■ INPUT DATA ■
:::::

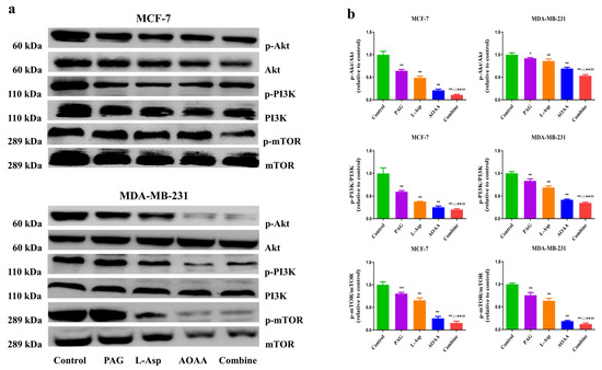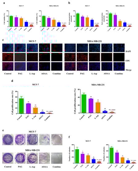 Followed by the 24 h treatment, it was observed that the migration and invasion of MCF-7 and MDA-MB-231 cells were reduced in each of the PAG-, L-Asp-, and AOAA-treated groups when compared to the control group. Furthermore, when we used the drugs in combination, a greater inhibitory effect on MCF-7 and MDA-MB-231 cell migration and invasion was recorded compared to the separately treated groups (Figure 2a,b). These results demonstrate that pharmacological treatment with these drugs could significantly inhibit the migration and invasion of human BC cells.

:::::

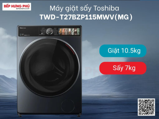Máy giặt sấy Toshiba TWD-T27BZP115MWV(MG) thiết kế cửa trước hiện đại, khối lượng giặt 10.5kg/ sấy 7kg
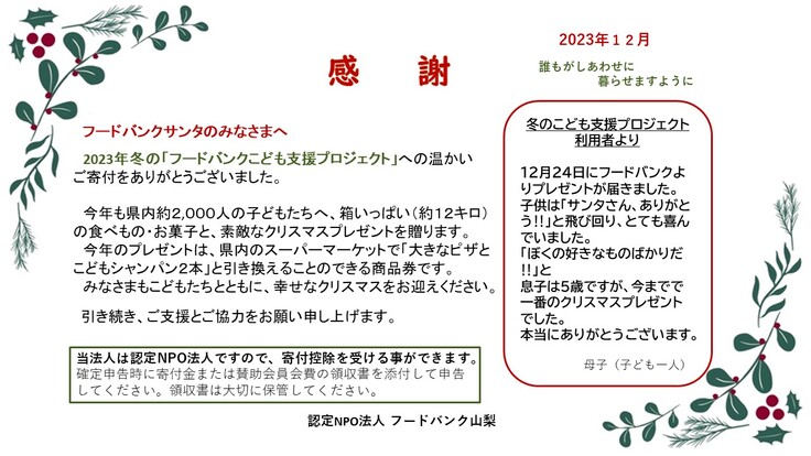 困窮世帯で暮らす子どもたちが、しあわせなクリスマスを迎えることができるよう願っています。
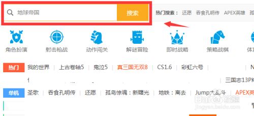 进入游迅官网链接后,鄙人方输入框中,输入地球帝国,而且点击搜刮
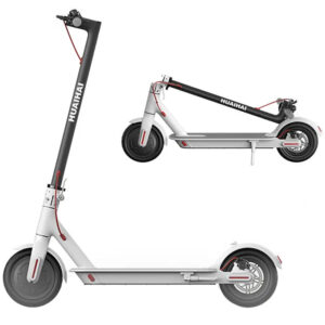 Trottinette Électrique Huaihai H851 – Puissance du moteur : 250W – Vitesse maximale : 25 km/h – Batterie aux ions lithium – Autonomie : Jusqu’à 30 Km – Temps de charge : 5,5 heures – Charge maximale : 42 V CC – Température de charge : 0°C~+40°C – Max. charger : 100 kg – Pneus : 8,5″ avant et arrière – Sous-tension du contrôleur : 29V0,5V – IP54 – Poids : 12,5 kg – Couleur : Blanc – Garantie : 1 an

:::::

■ TASK DESCRIPTION ■
Here the job is to copy the listing above word for word, starting at the line with "Máy giặt sấy" and ending at the line with "Trottinette Électrique Huaihai", and to leave out the pictures.

■ PROBLEM SOLUTION ■
Máy giặt sấy Toshiba TWD-T27BZP115MWV(MG) thiết kế cửa trước hiện đại, khối lượng giặt 10.5kg/ sấy 7kg
 困窮世帯で暮らす子どもたちが、しあわせなクリスマスを迎えることができるよう願っています。
 进入游迅官网链接后,鄙人方输入框中,输入地球帝国,而且点击搜刮
 Trottinette Électrique Huaihai H851 – Puissance du moteur : 250W – Vitesse maximale : 25 km/h – Batterie aux ions lithium – Autonomie : Jusqu’à 30 Km – Temps de charge : 5,5 heures – Charge maximale : 42 V CC – Température de charge : 0°C~+40°C – Max. charger : 100 kg – Pneus : 8,5″ avant et arrière – Sous-tension du contrôleur : 29V0,5V – IP54 – Poids : 12,5 kg – Couleur : Blanc – Garantie : 1 an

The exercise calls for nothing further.